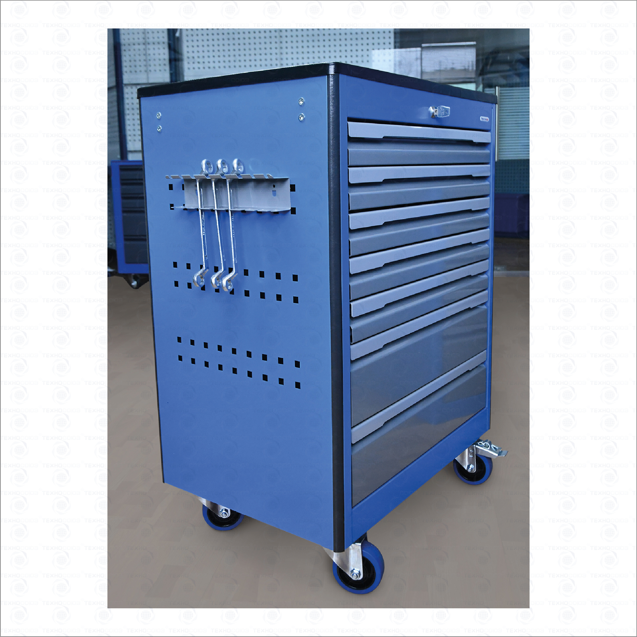 Ящики устанавливаются на шариковых телескопических направляющих полного выдвижения. Обеспечен свободный и плавный ход ящиков даже при полной загрузке. На лицевой панели каждого ящика установлена ручка-накладка. Каждый ящик снабжен клавишной системой антиоткрывания из оцинкованной стали, препятствующей самопроизвольному выдвижению ящиков, например, при наклоне или перемещении тележки.
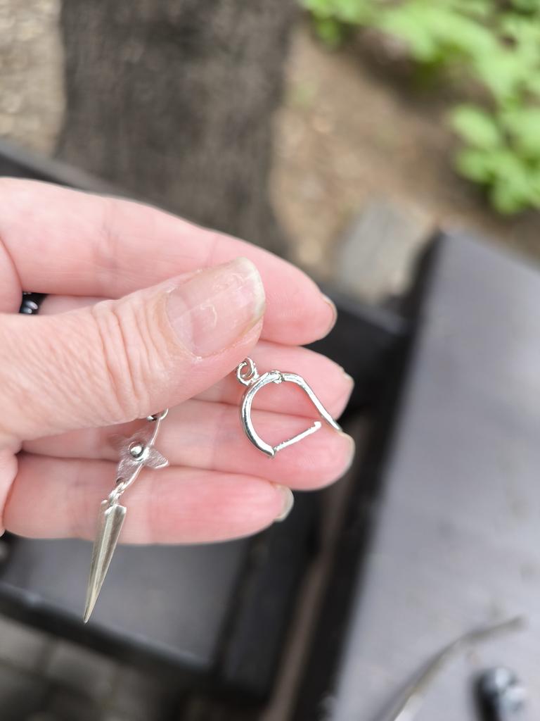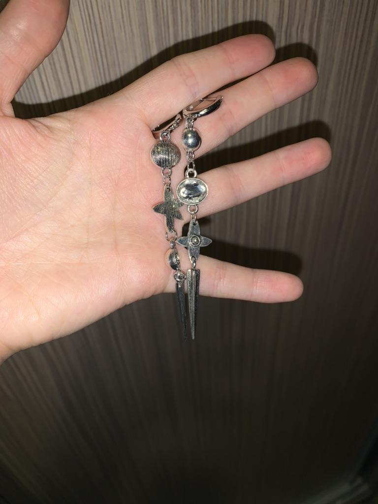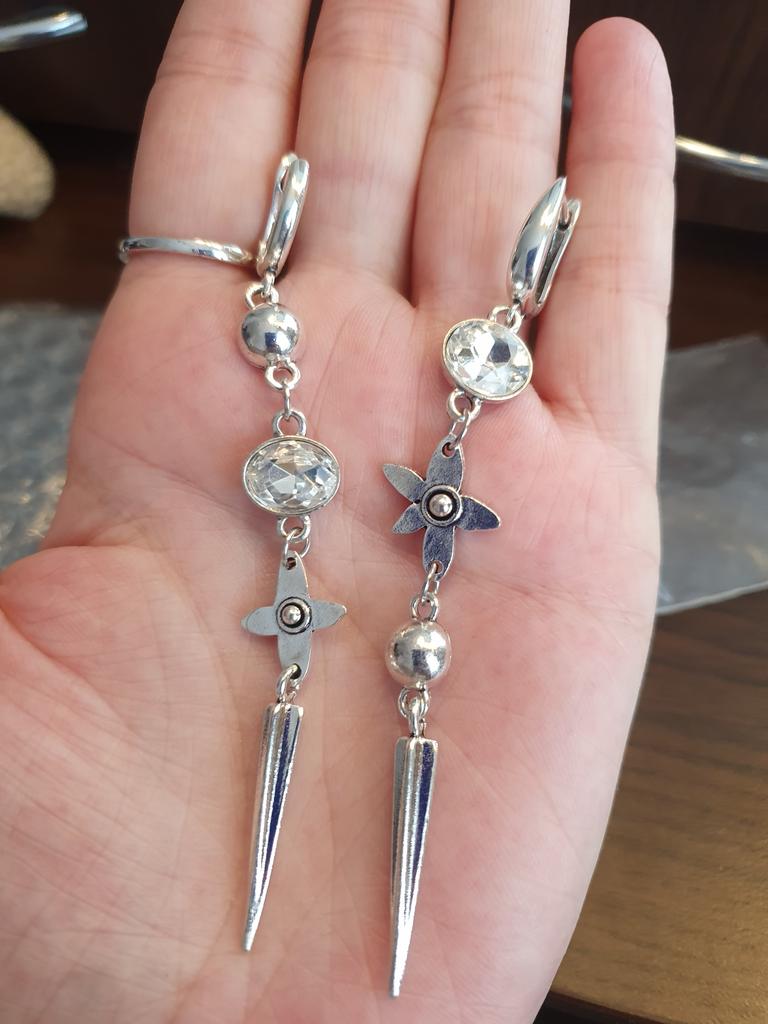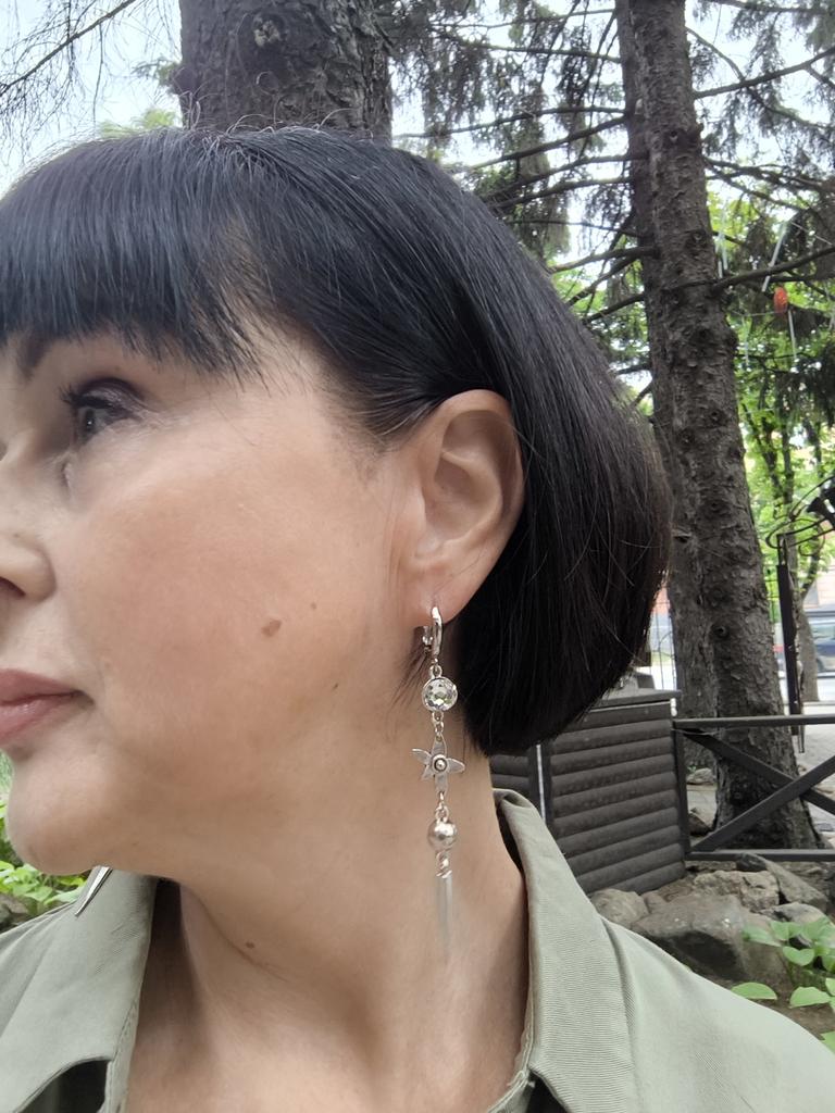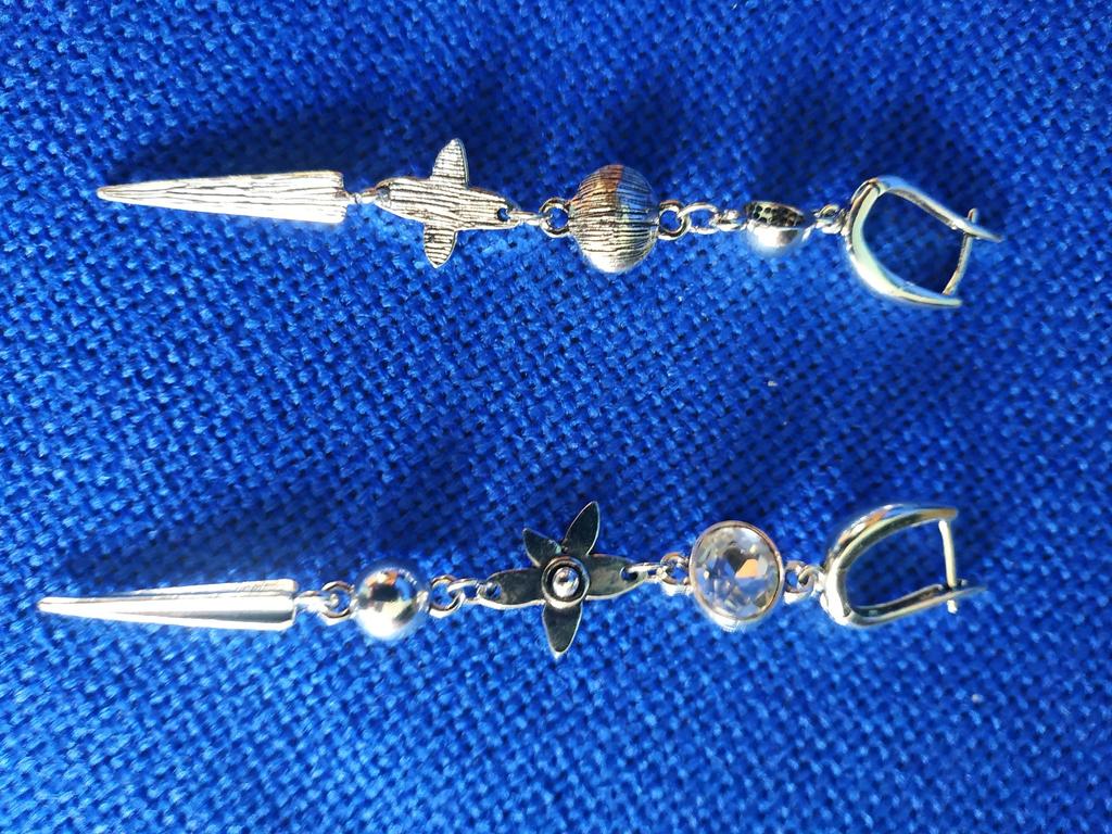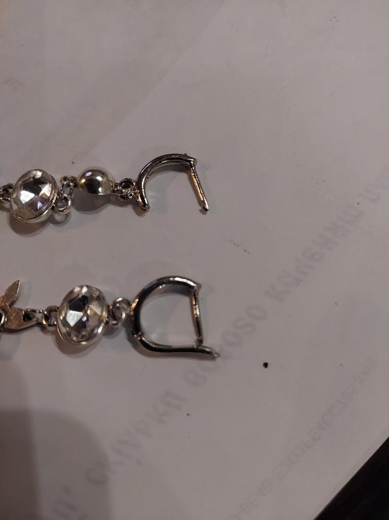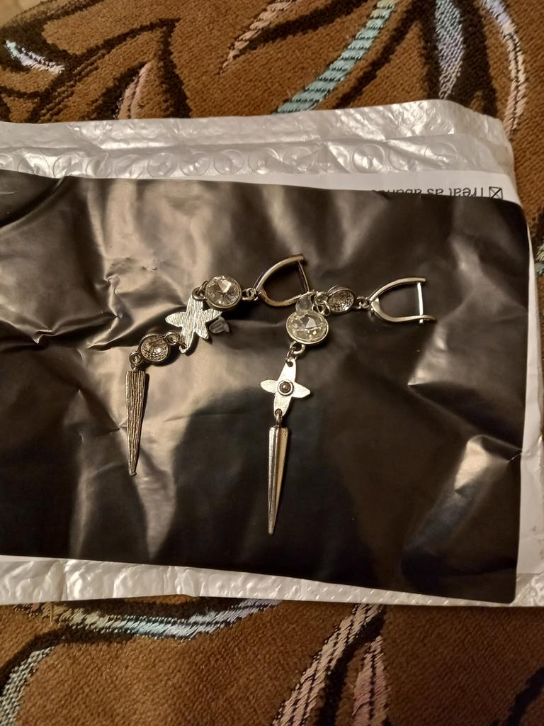 One earring is bent at the end, the second has a defective connecting ring. Beautiful, but not high quality
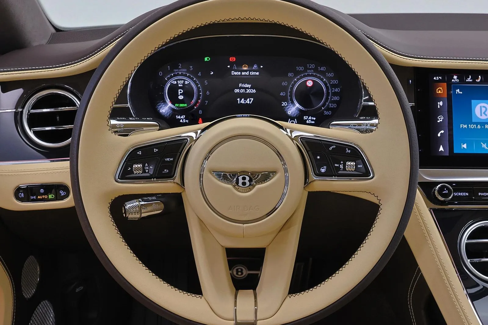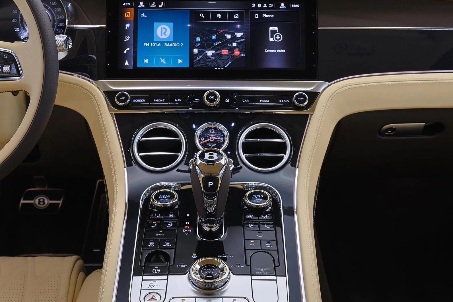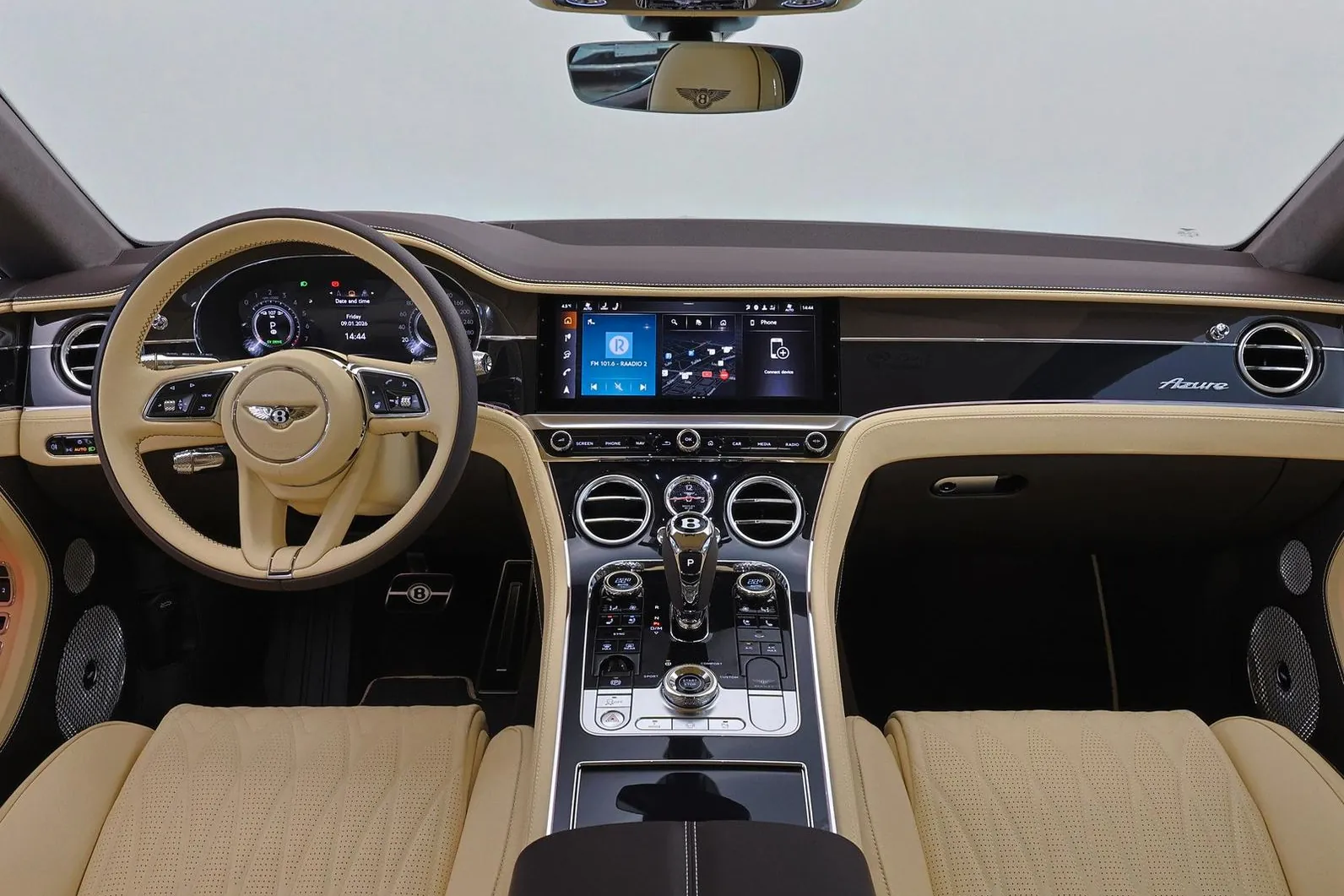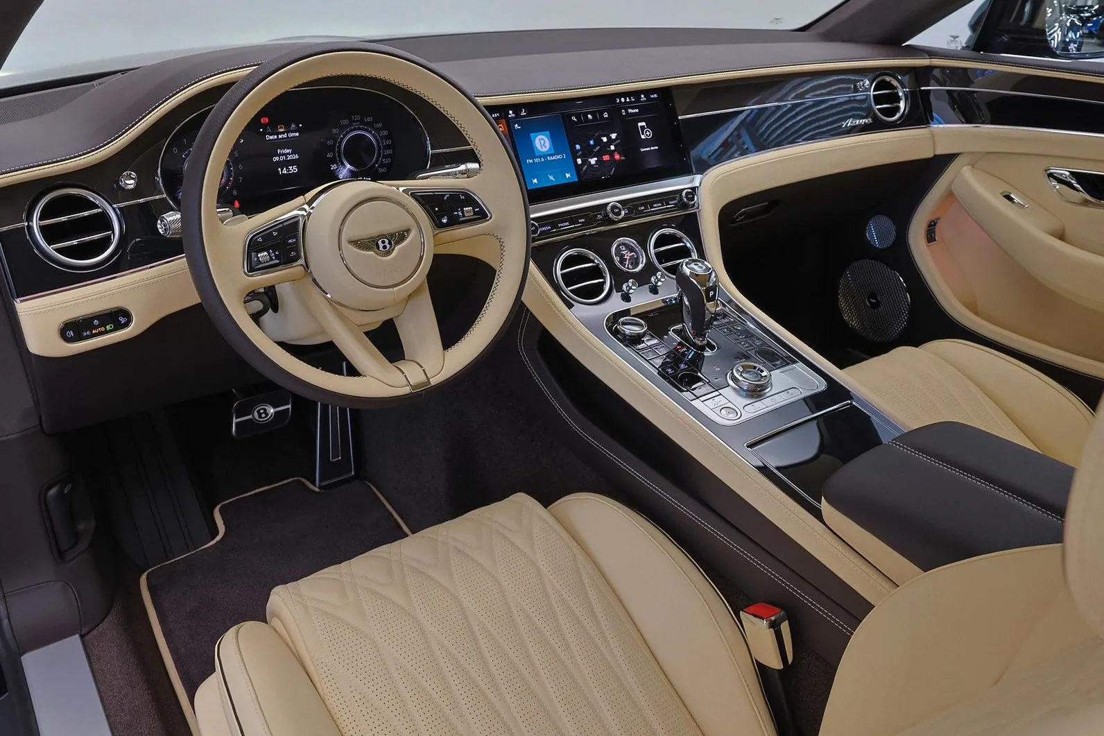 Bentley Continental GT Azure — это роскошное премиальное купе класса Gran Turismo, сочетающее элегантный британский стиль, высокий уровень комфорта и современную гибридную производительность в максимально утончённом исполнении Azure. Под капотом установлена гибридная силовая установка на базе 4.0-литрового бензинового V8 с двойным турбонаддувом и электромотора, суммарно развивающая около 500 кВт (≈680 л.с.) и крутящий момент 930 Н·м. Разгон до 100 км/ч занимает около 3.7 секунды, а максимальная скорость достигает примерно 270 км/ч. Автомобиль оснащён автоматической коробкой передач с двойным сцеплением и системой полного привода, обеспечивающими плавное, но очень уверенное ускорение, высокий уровень устойчивости и исключительный комфорт как в городе, так и на дальних поездках. Исполнение Azure делает акцент не столько на максимальной агрессии, сколько на роскоши, расслабленном характере и комфорте премиального Gran Turismo. Модель отличается фирменной вертикальной решёткой радиатора, эксклюзивными 22-дюймовыми колёсами Azure, более утончёнными хромированными акцентами, сиденьями с функциями подогрева, вентиляции и массажа, а также технологиями, ориентированными на комфорт и самочувствие пассажиров. По сути, это одна из самых «спокойно-роскошных» версий Continental GT.
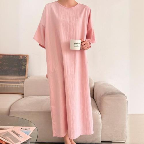 큐니티 [국내생산] 여름 링클 바스락 반팔 절개 백포켓 체형커버 롱 원피스 (3color)

What is needed:
For this exercise, transcribe the data exactly but without its pictures.

Reply:
 Ящики устанавливаются на шариковых телескопических направляющих полного выдвижения. Обеспечен свободный и плавный ход ящиков даже при полной загрузке. На лицевой панели каждого ящика установлена ручка-накладка. Каждый ящик снабжен клавишной системой антиоткрывания из оцинкованной стали, препятствующей самопроизвольному выдвижению ящиков, например, при наклоне или перемещении тележки.
 One earring is bent at the end, the second has a defective connecting ring. Beautiful, but not high quality
 Bentley Continental GT Azure — это роскошное премиальное купе класса Gran Turismo, сочетающее элегантный британский стиль, высокий уровень комфорта и современную гибридную производительность в максимально утончённом исполнении Azure. Под капотом установлена гибридная силовая установка на базе 4.0-литрового бензинового V8 с двойным турбонаддувом и электромотора, суммарно развивающая около 500 кВт (≈680 л.с.) и крутящий момент 930 Н·м. Разгон до 100 км/ч занимает около 3.7 секунды, а максимальная скорость достигает примерно 270 км/ч. Автомобиль оснащён автоматической коробкой передач с двойным сцеплением и системой полного привода, обеспечивающими плавное, но очень уверенное ускорение, высокий уровень устойчивости и исключительный комфорт как в городе, так и на дальних поездках. Исполнение Azure делает акцент не столько на максимальной агрессии, сколько на роскоши, расслабленном характере и комфорте премиального Gran Turismo. Модель отличается фирменной вертикальной решёткой радиатора, эксклюзивными 22-дюймовыми колёсами Azure, более утончёнными хромированными акцентами, сиденьями с функциями подогрева, вентиляции и массажа, а также технологиями, ориентированными на комфорт и самочувствие пассажиров. По сути, это одна из самых «спокойно-роскошных» версий Continental GT.
 큐니티 [국내생산] 여름 링클 바스락 반팔 절개 백포켓 체형커버 롱 원피스 (3color)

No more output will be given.